Data extracted from a collection:
[Start of section]

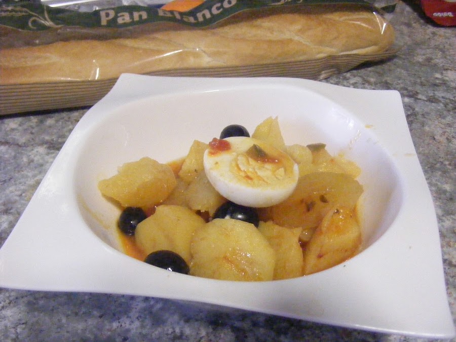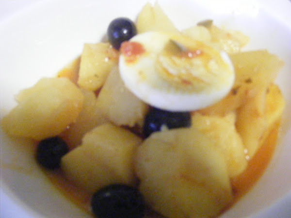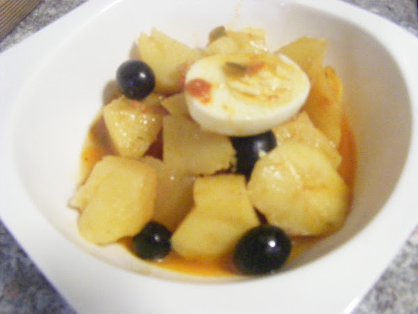 Aparte se cuecen unos huevos ,se pelan y trocean y se añaden al guiso junto con las aceitunas a la hora de servir.
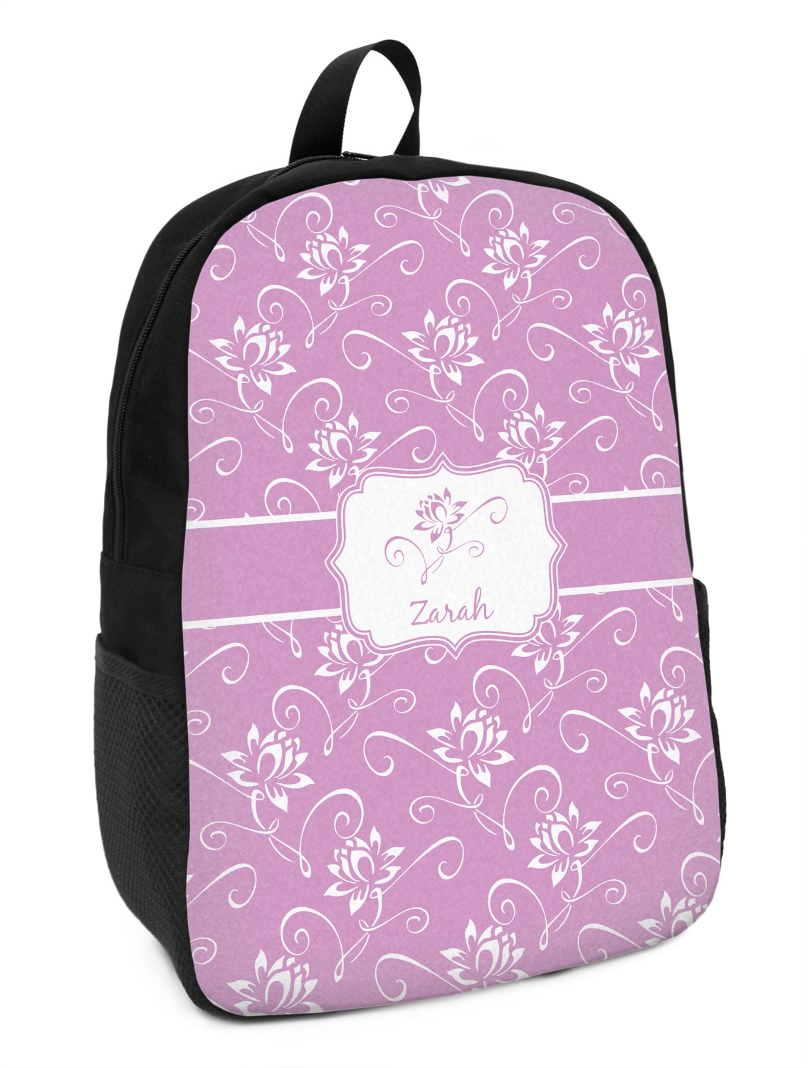 These small backpacks are made of a durable black canvas material with your personalization right on the front. The two shoulder straps are padded and easily adjustable. The bag itself measures at about 11" W x 15" H x 5" D. It's the perfect size for elementary aged kids or adults who want a smaller backpack. On the top of the bag you will find a handle to hang or carry your backpack by as well as a large zipper closure to keep all of your belongings safe inside. On each side of your backpack is a mesh pocket for a small item or water bottle. Inside your backpack you will find a spacious area with a small zipper pocket and a padded laptop slot that will fit up to a 13" laptop (13" being very snug). This is the perfect bag for any student that needs a couple books and their laptop with them at all times. It also works great as a carry on for traveling!
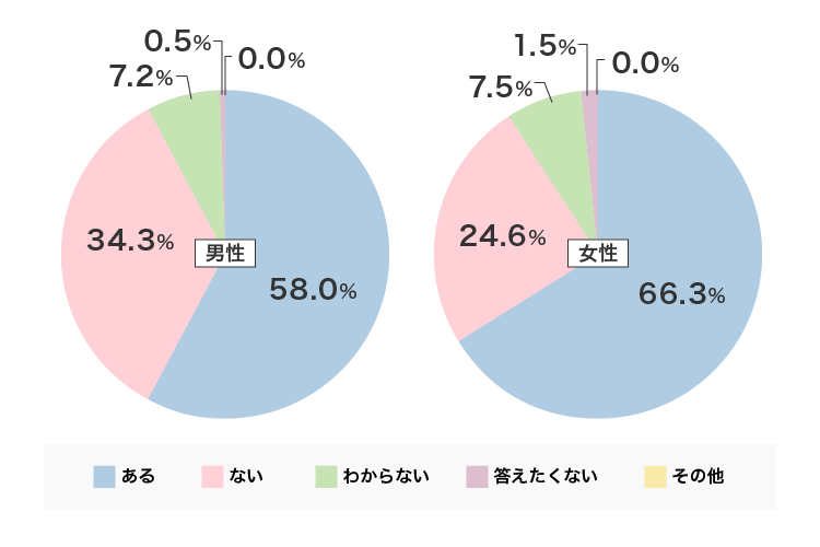 年代別で見ると、あまり大きな違いは見られませんでした。あえて違いを探すとわからないとの答えが、男女とも40代で突出しています。
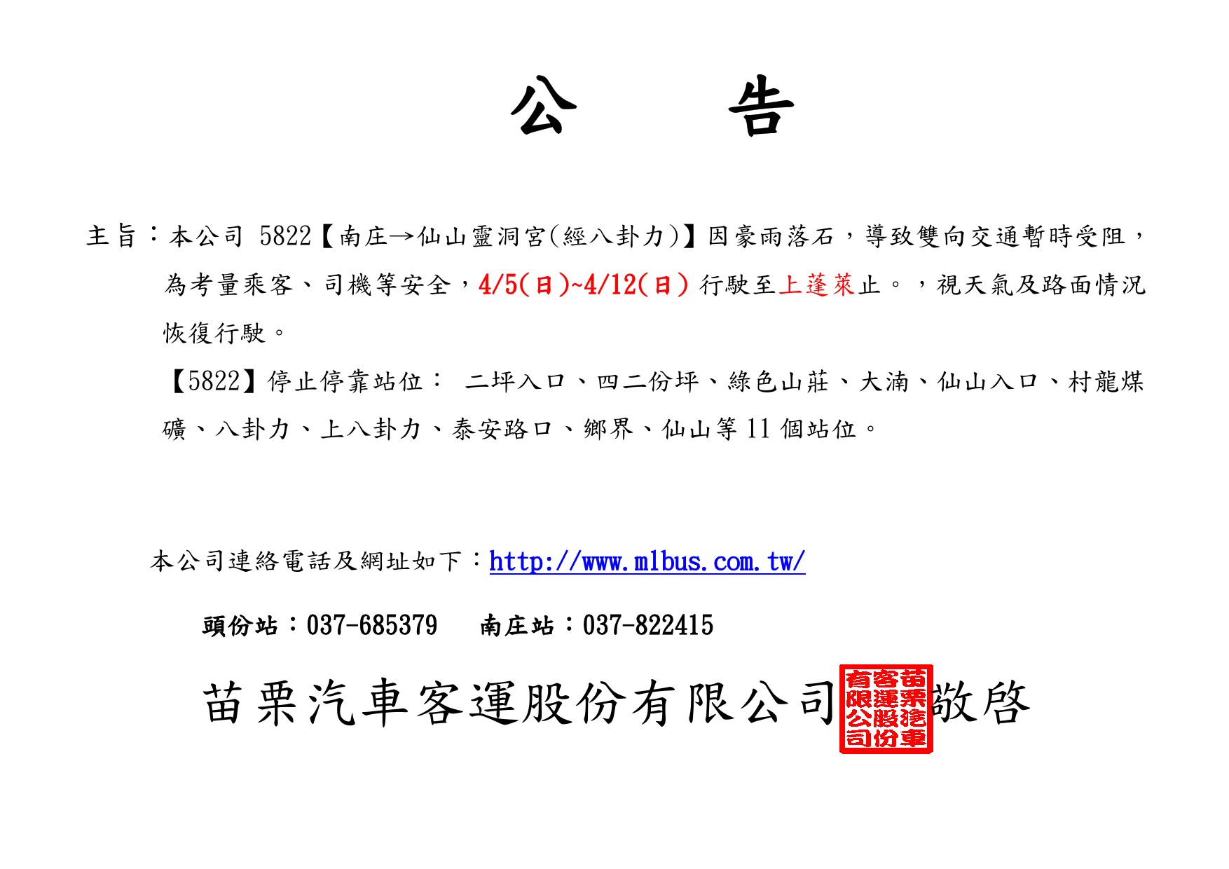 受豪雨落石影響5822路線行駛至上蓬萊止
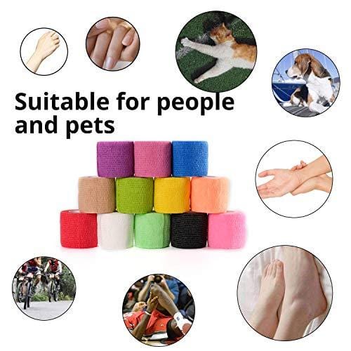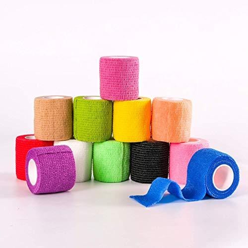 Fantastic Job 12 Pack 2 Inch Self Adherent Cohesive Tape Adhesive Nandage Wrap for Sports Ankle Wrist Finger
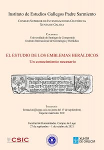 El Instituto de Estudios Gallegos Padre Sarmiento, junto con la Universidad de Santiago de Compostela y el Instituto Internacional de Genealogía y Heráldica, ha organizado el curso titulado El estudio de los emblemas heráldicos, un conocimiento necesario, que se desarrollará del 27 de septiembre al 1 de octubre de 2021 próximos.

[End of section]

** Exercise goal **
Please write out, exactly, every line from the line with "年代別で見ると、あまり大きな" through the final line of the data above, leaving out pictures.

** Output of the exercise **
 年代別で見ると、あまり大きな違いは見られませんでした。あえて違いを探すとわからないとの答えが、男女とも40代で突出しています。
 受豪雨落石影響5822路線行駛至上蓬萊止
 Fantastic Job 12 Pack 2 Inch Self Adherent Cohesive Tape Adhesive Nandage Wrap for Sports Ankle Wrist Finger
 El Instituto de Estudios Gallegos Padre Sarmiento, junto con la Universidad de Santiago de Compostela y el Instituto Internacional de Genealogía y Heráldica, ha organizado el curso titulado El estudio de los emblemas heráldicos, un conocimiento necesario, que se desarrollará del 27 de septiembre al 1 de octubre de 2021 próximos.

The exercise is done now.